Calculating Many-Body Correlator: c$_{L}^{\dagger}$d

[gonadas91]

Hi all, I am trying to calculate the correlator between two different creation and annihilation operators on a many body system. The system is composed by two wires (left and right) and an energy level between them $\epsilon_{0}$. So we have the creation and annihilation operators on the wires, $c_{L,R}^{\dagger},c_{L,R}$, and the ones with the dot level $d^{\dagger}, d$. Then, how could I find out the correlator (equal time correlation):

\begin{eqnarray*}
\langle c_{L}^{\dagger}(x)d\rangle
\end{eqnarray*}

Any ideas?

 

[eljose79]

Hello,

To find the correlator between two different creation and annihilation operators on a many body system, we can use the following formula:

\begin{eqnarray*}
\langle c_{L}^{\dagger}(x)d\rangle = \frac{\langle \Psi | c_{L}^{\dagger}(x)d |\Psi \rangle}{\langle \Psi | \Psi \rangle}
\end{eqnarray*}

where $|\Psi \rangle$ is the state vector of the many body system.

To calculate this correlator, we first need to determine the state vector $|\Psi \rangle$. This can be done by solving the Schrödinger equation for the system, which will give us the energy eigenstates and their corresponding eigenvalues.

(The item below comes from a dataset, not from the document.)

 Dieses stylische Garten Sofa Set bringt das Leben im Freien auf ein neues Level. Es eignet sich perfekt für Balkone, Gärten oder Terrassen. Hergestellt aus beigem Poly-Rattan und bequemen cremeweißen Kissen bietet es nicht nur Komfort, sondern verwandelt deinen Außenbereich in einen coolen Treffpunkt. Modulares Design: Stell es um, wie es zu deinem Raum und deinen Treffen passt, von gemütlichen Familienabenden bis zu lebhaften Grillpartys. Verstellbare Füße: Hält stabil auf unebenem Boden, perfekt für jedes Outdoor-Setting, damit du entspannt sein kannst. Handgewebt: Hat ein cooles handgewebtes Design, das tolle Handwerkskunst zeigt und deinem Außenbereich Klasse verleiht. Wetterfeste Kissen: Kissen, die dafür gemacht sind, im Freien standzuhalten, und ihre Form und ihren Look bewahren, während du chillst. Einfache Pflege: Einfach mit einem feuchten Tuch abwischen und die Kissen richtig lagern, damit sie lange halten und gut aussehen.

Next, we can express the creation and annihilation operators in terms of the energy eigenstates. For example, we can write $c_{L}^{\dagger}(x)$ as a linear combination of the energy eigenstates $|n \rangle$:

\begin{eqnarray*}
c_{L}^{\dagger}(x) = \sum_{n} c_{L}^{\dagger}(x)|n \rangle
\end{eqnarray*}

We can do the same for the other operators $c_{L}, d^{\dagger}, d$. Then, we can substitute these expressions into the formula above to calculate the correlator.

I hope this helps. Let me know if you have any further questions or need clarification. Good luck with your calculations!